I don’t much fear the carnival or the hospital. My greatest fear is the sad notion that none of this will matter, that this whole thing will be as meaningless as trying to retrieve fallen rain. I fear getting to the end of this and still having no clue what I should do with my life. Perhaps I made this whole thing up in some grand, self-righteous mission. I fear God isn’t listening, that I’m forgotten. This fear creates a gnawing frustration, one that manifests a lie in my heart: He doesn’t care at all. And all the places in me that should be at rest grow tight.

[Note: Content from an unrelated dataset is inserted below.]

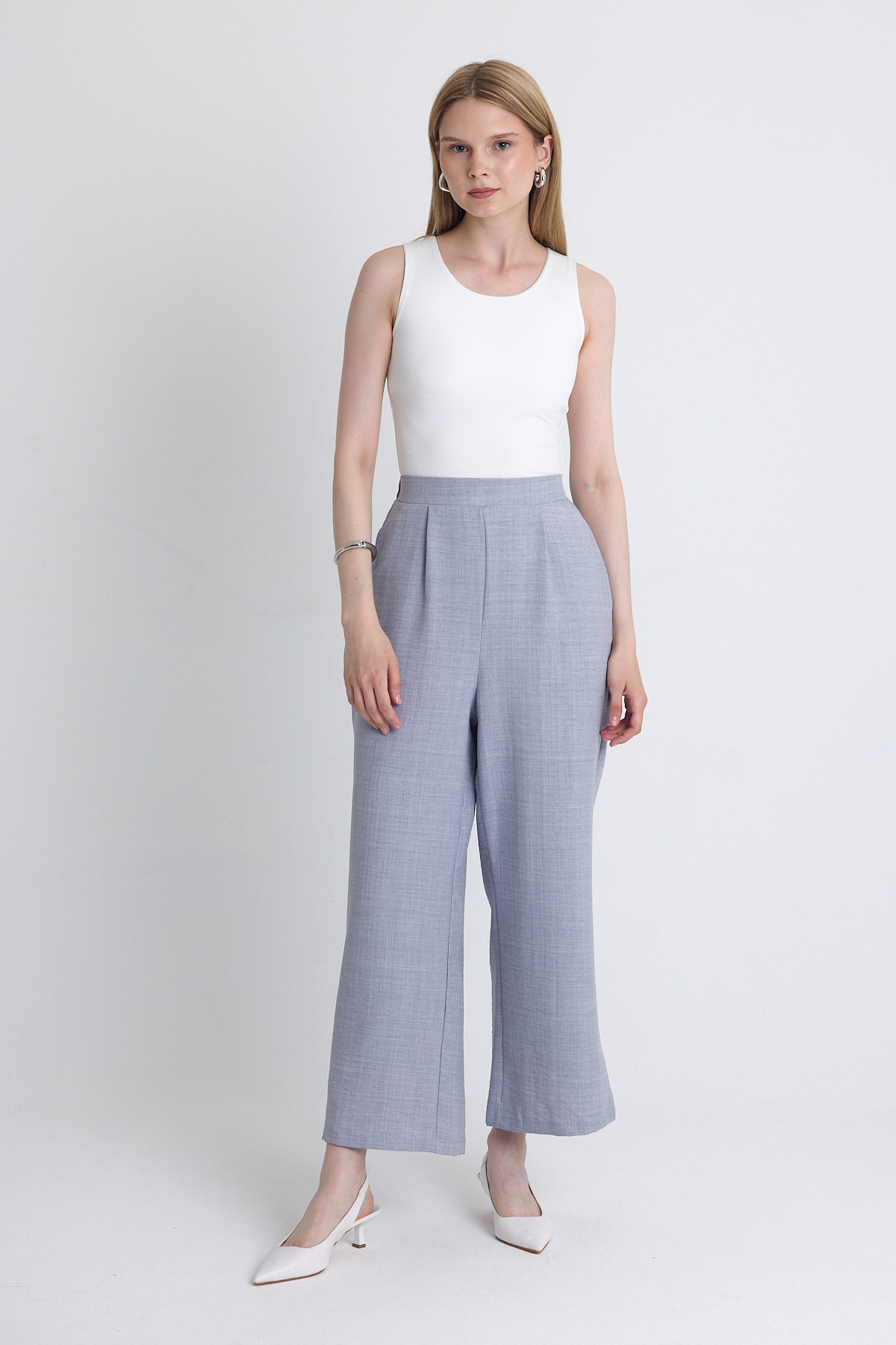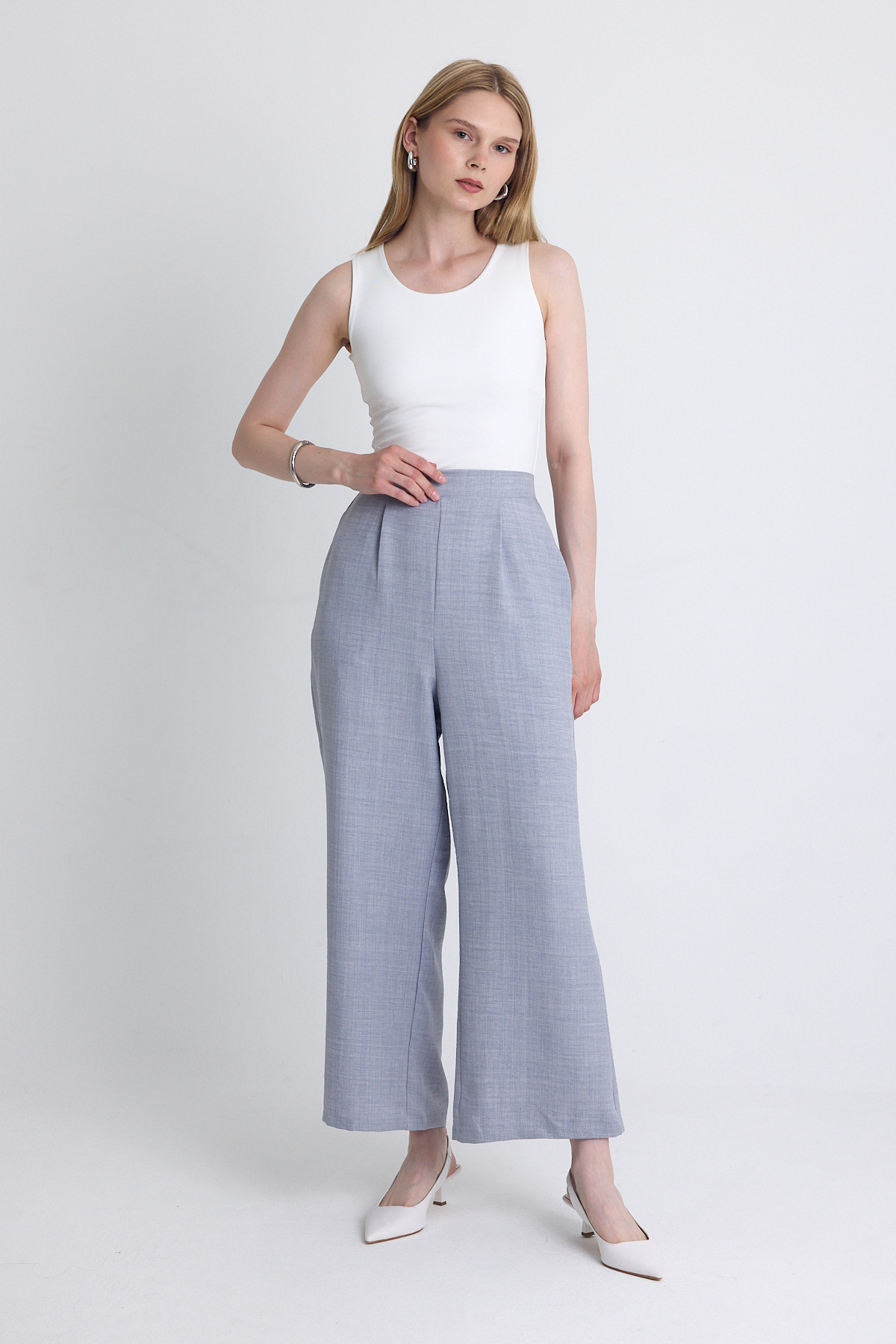 Gri Yüksek Bel Ön Pile Detaylı Pamuklu Bol Paça Pantolon 8014A

Faith seems so elusive at times. You’d think someone willing to start a 40-day fast would have more faith, at least a measure of strength and resolve. I think about someone like King David, and I’m comforted by his major moral failures. I feel sorry that his family had to live through the chaos created by his failures, but I can at least relate to that part of his life. But then there are other moments when David seems bold and untouchable. In 2 Samuel 6, the Ark of the Covenant made its way through Jerusalem, delivered home after many years in a foreign country. King David danced and leaped in joy—abounding, insurmountable joy. This was not normal behavior for a king. Kings sat and reigned. They looked regal and stable. This leaping man was a lunatic.

I wonder, in my conservative, polished Christianity, Would I do that? I think I’d be too concerned about what the other people would think of me, what they would say to their friend about me later over coffee. I get so concerned about people liking me that I miss remarkable things along the way.

I don’t have much in this life mastered. I want to dance, but oftentimes I stand watching.